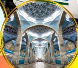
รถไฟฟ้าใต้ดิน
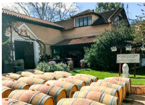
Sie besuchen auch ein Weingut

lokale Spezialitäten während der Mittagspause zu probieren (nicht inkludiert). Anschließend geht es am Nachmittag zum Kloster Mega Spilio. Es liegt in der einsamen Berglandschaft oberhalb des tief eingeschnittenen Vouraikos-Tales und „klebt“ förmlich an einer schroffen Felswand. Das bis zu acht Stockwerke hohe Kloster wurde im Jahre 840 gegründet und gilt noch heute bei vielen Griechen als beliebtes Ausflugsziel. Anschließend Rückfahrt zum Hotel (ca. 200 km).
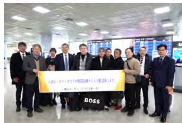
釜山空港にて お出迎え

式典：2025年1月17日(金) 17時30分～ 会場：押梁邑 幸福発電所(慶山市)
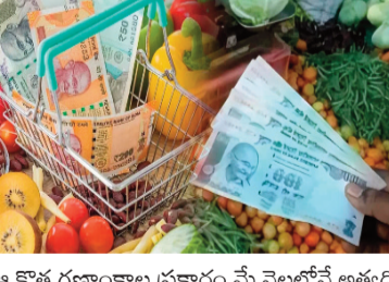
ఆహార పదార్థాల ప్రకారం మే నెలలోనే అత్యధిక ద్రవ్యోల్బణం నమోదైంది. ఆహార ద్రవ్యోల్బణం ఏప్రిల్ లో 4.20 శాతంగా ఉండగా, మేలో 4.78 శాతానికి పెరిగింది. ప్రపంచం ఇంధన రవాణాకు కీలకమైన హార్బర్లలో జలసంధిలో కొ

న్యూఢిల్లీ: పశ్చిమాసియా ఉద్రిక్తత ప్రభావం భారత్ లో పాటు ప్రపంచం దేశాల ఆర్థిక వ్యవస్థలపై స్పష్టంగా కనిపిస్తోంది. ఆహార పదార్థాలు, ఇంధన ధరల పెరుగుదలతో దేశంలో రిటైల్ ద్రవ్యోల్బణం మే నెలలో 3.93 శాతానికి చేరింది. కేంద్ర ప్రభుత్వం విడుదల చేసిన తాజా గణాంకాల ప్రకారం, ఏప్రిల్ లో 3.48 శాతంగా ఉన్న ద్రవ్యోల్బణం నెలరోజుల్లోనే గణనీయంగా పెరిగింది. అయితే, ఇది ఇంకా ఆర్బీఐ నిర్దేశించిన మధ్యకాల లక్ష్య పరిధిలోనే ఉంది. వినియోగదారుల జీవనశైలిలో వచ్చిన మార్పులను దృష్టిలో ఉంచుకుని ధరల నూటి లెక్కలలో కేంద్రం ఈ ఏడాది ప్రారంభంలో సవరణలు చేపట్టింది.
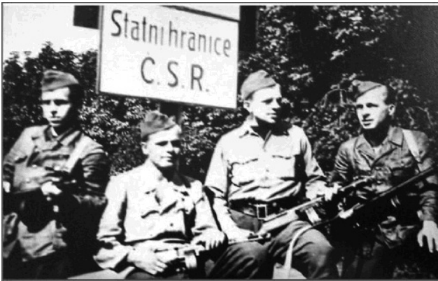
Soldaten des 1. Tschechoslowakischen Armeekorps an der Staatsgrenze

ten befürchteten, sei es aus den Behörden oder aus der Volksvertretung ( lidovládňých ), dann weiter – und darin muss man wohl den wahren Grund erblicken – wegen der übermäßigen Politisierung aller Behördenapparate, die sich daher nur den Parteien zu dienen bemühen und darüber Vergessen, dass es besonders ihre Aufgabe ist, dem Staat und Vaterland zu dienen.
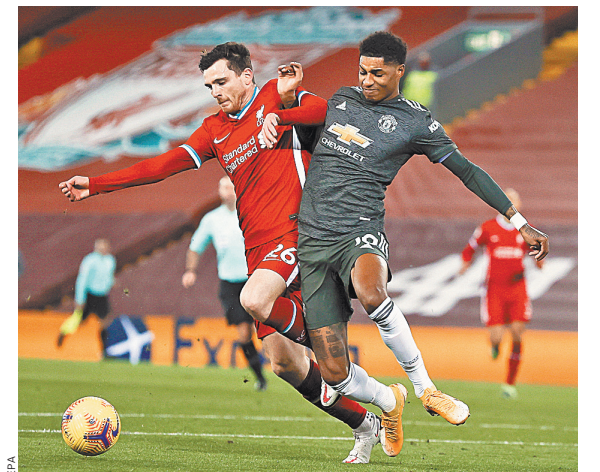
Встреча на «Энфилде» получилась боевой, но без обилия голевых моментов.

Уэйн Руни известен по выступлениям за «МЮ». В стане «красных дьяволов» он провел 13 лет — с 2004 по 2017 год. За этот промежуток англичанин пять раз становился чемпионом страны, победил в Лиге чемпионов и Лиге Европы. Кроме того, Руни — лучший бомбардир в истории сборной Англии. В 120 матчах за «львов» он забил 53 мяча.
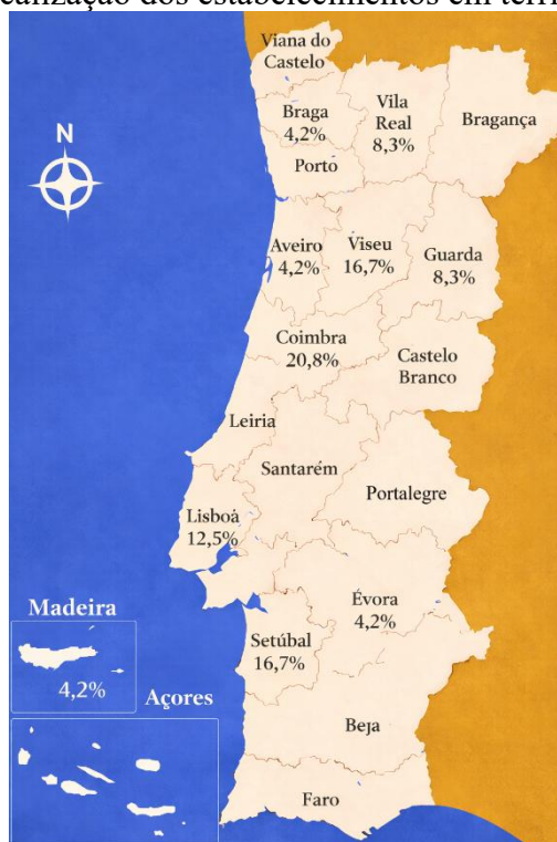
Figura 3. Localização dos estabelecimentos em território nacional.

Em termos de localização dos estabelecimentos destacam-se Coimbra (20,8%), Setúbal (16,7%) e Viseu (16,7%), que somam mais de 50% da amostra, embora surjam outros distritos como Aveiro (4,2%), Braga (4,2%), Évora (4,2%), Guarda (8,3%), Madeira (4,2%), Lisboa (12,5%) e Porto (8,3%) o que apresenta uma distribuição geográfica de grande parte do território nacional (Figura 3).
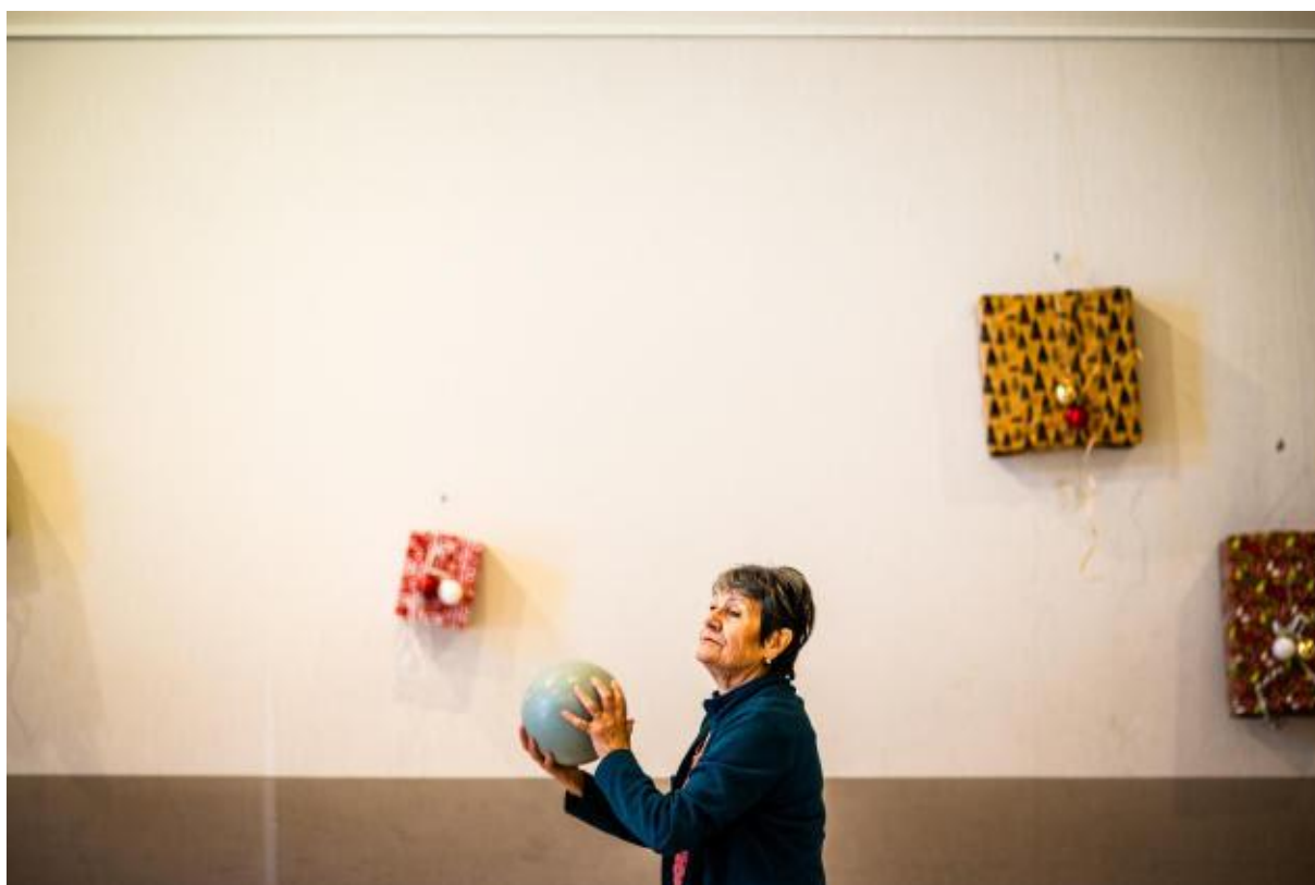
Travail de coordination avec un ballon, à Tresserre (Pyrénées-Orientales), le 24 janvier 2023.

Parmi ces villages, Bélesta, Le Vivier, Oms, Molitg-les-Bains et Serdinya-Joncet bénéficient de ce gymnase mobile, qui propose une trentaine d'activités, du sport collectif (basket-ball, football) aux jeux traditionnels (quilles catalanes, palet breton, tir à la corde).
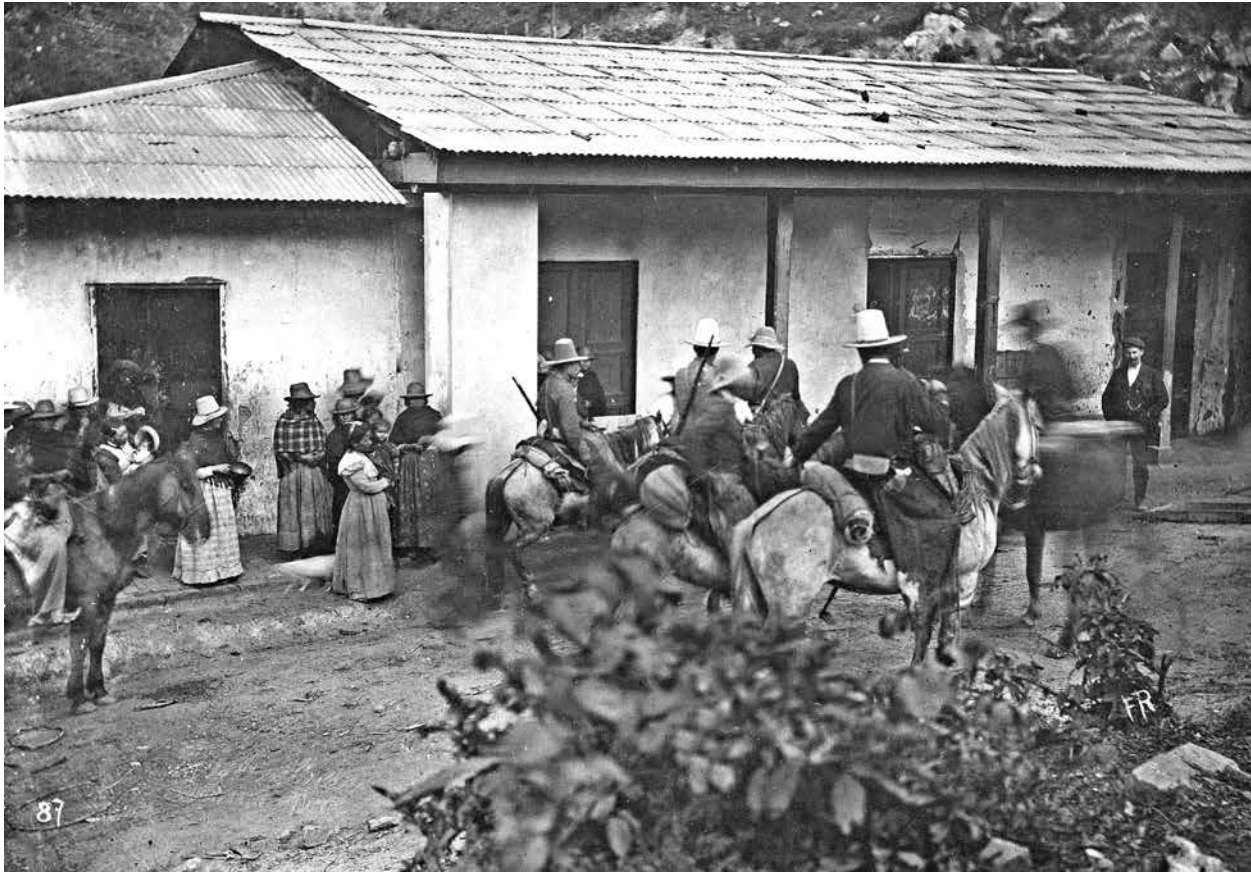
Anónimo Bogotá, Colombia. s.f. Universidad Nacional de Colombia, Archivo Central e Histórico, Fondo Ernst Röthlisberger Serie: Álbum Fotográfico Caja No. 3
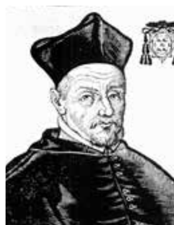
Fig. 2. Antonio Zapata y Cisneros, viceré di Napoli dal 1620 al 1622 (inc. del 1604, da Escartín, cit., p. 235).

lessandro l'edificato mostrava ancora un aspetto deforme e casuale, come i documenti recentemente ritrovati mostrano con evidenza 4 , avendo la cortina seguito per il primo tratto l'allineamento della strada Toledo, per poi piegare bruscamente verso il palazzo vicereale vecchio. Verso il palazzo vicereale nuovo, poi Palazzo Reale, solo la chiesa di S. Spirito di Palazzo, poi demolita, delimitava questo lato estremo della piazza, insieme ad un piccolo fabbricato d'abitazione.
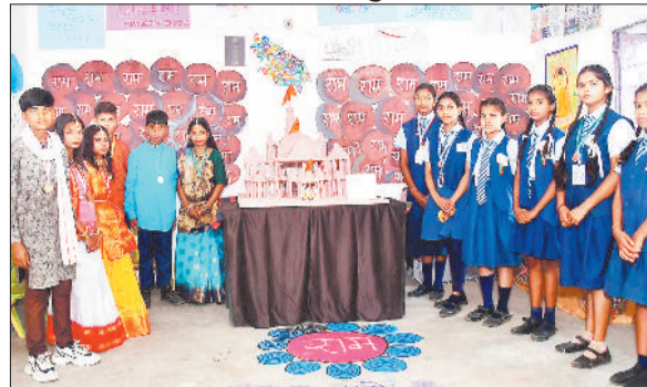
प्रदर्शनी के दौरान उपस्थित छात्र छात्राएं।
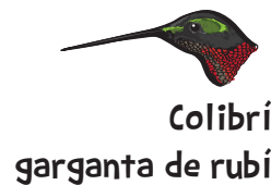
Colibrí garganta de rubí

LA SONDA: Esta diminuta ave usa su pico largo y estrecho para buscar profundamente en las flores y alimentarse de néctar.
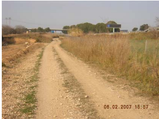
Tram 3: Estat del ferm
-=-=-=-=-
> What you need to do
Look above for the line with "న్యూఢిల్లీ: పశ్చిమాసియా ఉద్రిక్తత" and the line with "Figura 3. Localização"; set down those two lines and all lines between them exactly, without pictures and without anything else.

> Solution for this problem
న్యూఢిల్లీ: పశ్చిమాసియా ఉద్రిక్తత ప్రభావం భారత్ లో పాటు ప్రపంచం దేశాల ఆర్థిక వ్యవస్థలపై స్పష్టంగా కనిపిస్తోంది. ఆహార పదార్థాలు, ఇంధన ధరల పెరుగుదలతో దేశంలో రిటైల్ ద్రవ్యోల్బణం మే నెలలో 3.93 శాతానికి చేరింది. కేంద్ర ప్రభుత్వం విడుదల చేసిన తాజా గణాంకాల ప్రకారం, ఏప్రిల్ లో 3.48 శాతంగా ఉన్న ద్రవ్యోల్బణం నెలరోజుల్లోనే గణనీయంగా పెరిగింది. అయితే, ఇది ఇంకా ఆర్బీఐ నిర్దేశించిన మధ్యకాల లక్ష్య పరిధిలోనే ఉంది. వినియోగదారుల జీవనశైలిలో వచ్చిన మార్పులను దృష్టిలో ఉంచుకుని ధరల నూటి లెక్కలలో కేంద్రం ఈ ఏడాది ప్రారంభంలో సవరణలు చేపట్టింది.
Soldaten des 1. Tschechoslowakischen Armeekorps an der Staatsgrenze

ten befürchteten, sei es aus den Behörden oder aus der Volksvertretung ( lidovládňých ), dann weiter – und darin muss man wohl den wahren Grund erblicken – wegen der übermäßigen Politisierung aller Behördenapparate, die sich daher nur den Parteien zu dienen bemühen und darüber Vergessen, dass es besonders ihre Aufgabe ist, dem Staat und Vaterland zu dienen.
Встреча на «Энфилде» получилась боевой, но без обилия голевых моментов.

Уэйн Руни известен по выступлениям за «МЮ». В стане «красных дьяволов» он провел 13 лет — с 2004 по 2017 год. За этот промежуток англичанин пять раз становился чемпионом страны, победил в Лиге чемпионов и Лиге Европы. Кроме того, Руни — лучший бомбардир в истории сборной Англии. В 120 матчах за «львов» он забил 53 мяча.
Figura 3. Localização dos estabelecimentos em território nacional.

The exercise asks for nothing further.